Bangalore: India’s most livable city and the fast-track to its vibrant tech-filled future
If Old Delhi is the crumbling emblem of India’s imperial past and Mumbai is the pounding heart of its contemporary popular culture, Bengaluru (anglicised as Bangalore) and Chennai are the country’s fast track to the future. The former, and less often the latter, are nicknamed the Silicon Valley of India on account of their thriving IT sectors, though their rampant growth over the past few decades is due as much to their electronics, automobile, healthcare and aeronautics industries. As work-starved migrants flock here from the hinterlands, the populations swell – Bengaluru’s has doubled in the past decade – and the cities spread outward to reclaim the emptying countryside. Their energy, their culture of optimism, are infectious.
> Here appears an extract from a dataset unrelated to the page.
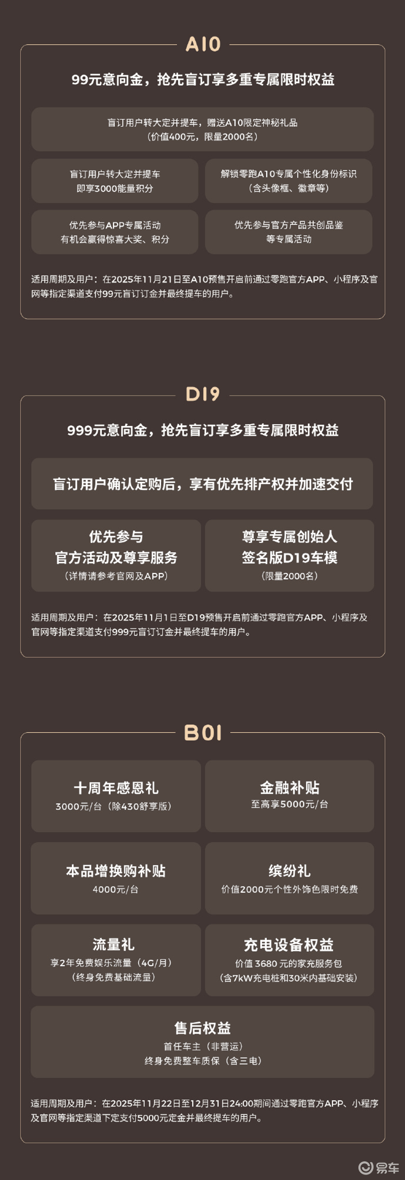 零跑A10推99元意向金可享多重专属限时权益,盲订用户转大定并提车,赠送A10限定神秘礼品以及3000能量积分。零跑D19推999元意向金,盲订用户确认订购后,享有优先排产权并加速交付以及限量2000名签名版D9车模。B01推出3000元/台感恩现金礼,至高5000元金融补贴以及本品赠换购补贴4000元等权益。
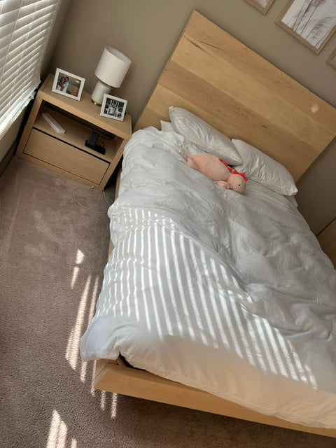 I couldn’t be happier with my new cherry queen bed. The craftsmanship is top-notch—solid cherry wood with a smooth finish that gives it a timeless, elegant look. It’s incredibly sturdy with no creaking or wobbling, even after weeks of use. The natural grain of the cherry adds warmth to my bedroom and makes the whole space feel more refined. Assembly was straightforward, and all the parts fit perfectly. This bed is clearly built to last, and it’s quickly become the centerpiece of my room. Highly recommend if you’re looking for quality and style in one!

Standing in Bengaluru’s Lal Bagh Botanical Gardens, I look down a paved avenue, flanked by neatly manicured flowerbeds, at an imposing Victorian glasshouse. I could be in Kew Gardens, but for the monkeys playfighting in the trees overhead. The city has a rep as India’s most livable, on account of its mild climate and array of gardens and parks; but between the green spots and gleaming skyscrapers it’s a thrillingly disorderly place. Clogged arterial roads cross each other at chaotic intersections, cattle and tuk-tuk taxis patrol the side alleys, and pavements abruptly taper off mid-street. The pedestrian flâneur has no place in this metropolis.
On my way to the local grocer’s market, I drop into a bookshop. The shelves groan under fiscal management guides, corporate histories and self-help books with titles like How to Stop Worrying & Start Loving and Free Yourself – Suffocate Not. Back on the streets, I begin to notice how many poster adverts are dedicated to self-improvement and aspirational products: Hermès bags, sports cars, foreign language lessons, penis enlargement treatments. A billboard above me sells a new luxury property development in the suburbs with the tagline: “A rare few will live on Bengaluru’s only hill. Those who don’t will miss out.”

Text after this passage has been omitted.